The `Dialect` interface has seven methods:
```go
type Dialect interface {
RenderLike(left, right string, isRegex bool) (string, error)
RenderStandaloneWild(left string) (string, error)
PrepareLikePattern(pattern string) (transformed string, useRegex bool)
EscapeStringLiteral(s string) string
SerializeBool(b bool) string
BoolParam(b bool) any
QuoteColumn(name string) (string, error)
}
```
Here's a sketch of a SQL Server dialect. SQL Server uses `[...]` for identifiers, `LIKE` with `%`/`_` for wildcards, no built-in regex:
```go
import (
"fmt"
"strings"
"github.com/grindlemire/go-lucene/pkg/driver"
"github.com/grindlemire/go-lucene/pkg/lucene/expr"
)
type SQLServerDriver struct {
driver.Base
}
func NewSQLServerDriver() SQLServerDriver {
fns := map[expr.Operator]driver.RenderFN{}
for op, sharedFN := range driver.Shared {
fns[op] = sharedFN
}
return SQLServerDriver{
Base: driver.Base{RenderFNs: fns, Dialect: sqlServerDialect{}},
}
}
type sqlServerDialect struct{}
func (sqlServerDialect) RenderLike(left, right string, isRegex bool) (string, error) {
if isRegex {
return "", fmt.Errorf("SQL Server has no built-in regex operator")
}
return fmt.Sprintf("%s LIKE %s", left, right), nil
}
func (sqlServerDialect) RenderStandaloneWild(left string) (string, error) {
return fmt.Sprintf("%s IS NOT NULL", left), nil
}
func (sqlServerDialect) PrepareLikePattern(pattern string) (string, bool) {
// SQL Server LIKE uses % and _ like SIMILAR TO; escape literals with [].
pattern = strings.ReplaceAll(pattern, "%", "[%]")
pattern = strings.ReplaceAll(pattern, "_", "[_]")
pattern = strings.ReplaceAll(pattern, "*", "%")
pattern = strings.ReplaceAll(pattern, "?", "_")
return pattern, false
}
func (sqlServerDialect) EscapeStringLiteral(s string) string {
return "'" + strings.ReplaceAll(s, "'", "''") + "'"
}
func (sqlServerDialect) SerializeBool(b bool) string {
if b {
return "1"
}
return "0"
}
func (sqlServerDialect) BoolParam(b bool) any {
if b {
return 1
}
return 0
}
func (sqlServerDialect) QuoteColumn(name string) (string, error) {
if strings.ContainsRune(name, ']') {
return "", fmt.Errorf("column name contains a right bracket: %q", name)
}
return "[" + name + "]", nil
}
```
The three built-in drivers are the best reference implementations: [`pkg/driver/postgresql.go`](pkg/driver/postgresql.go), [`pkg/driver/sqlite.go`](pkg/driver/sqlite.go), and [`pkg/driver/mysql.go`](pkg/driver/mysql.go).
### Dialect defaults
A driver that leaves `driver.Base.Dialect` unset inherits Postgres-flavored rendering: `SIMILAR TO` for wildcards, `~` for regex, and `true`/`false` for bool literals. Set a `Dialect` on the embedded `Base` whenever your target database diverges from that.

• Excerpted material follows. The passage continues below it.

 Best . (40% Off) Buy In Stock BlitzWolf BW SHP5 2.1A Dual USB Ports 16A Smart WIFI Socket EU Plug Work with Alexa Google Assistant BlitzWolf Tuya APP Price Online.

### Migrating from pre-Dialect drivers
`expr.Like`, `expr.Range`, and `expr.Regexp` are no longer dispatched through `RenderFNs`. If a custom driver used to override any of those three through the map, move the logic into a `driver.Dialect` implementation (`RenderLike`, `RenderStandaloneWild`, `PrepareLikePattern`) and set it on `Base.Dialect`. Map entries for those operators are silently ignored.
The `Dialect` interface evolved across releases: `EscapeLikePattern` was replaced by `PrepareLikePattern` (which additionally returns a `useRegex` flag so dialects can route alternation/grouping patterns to a regex path), and `EscapeStringLiteral` was added so dialects can control string-literal quoting (MySQL needs this to double backslashes under default `sql_mode`).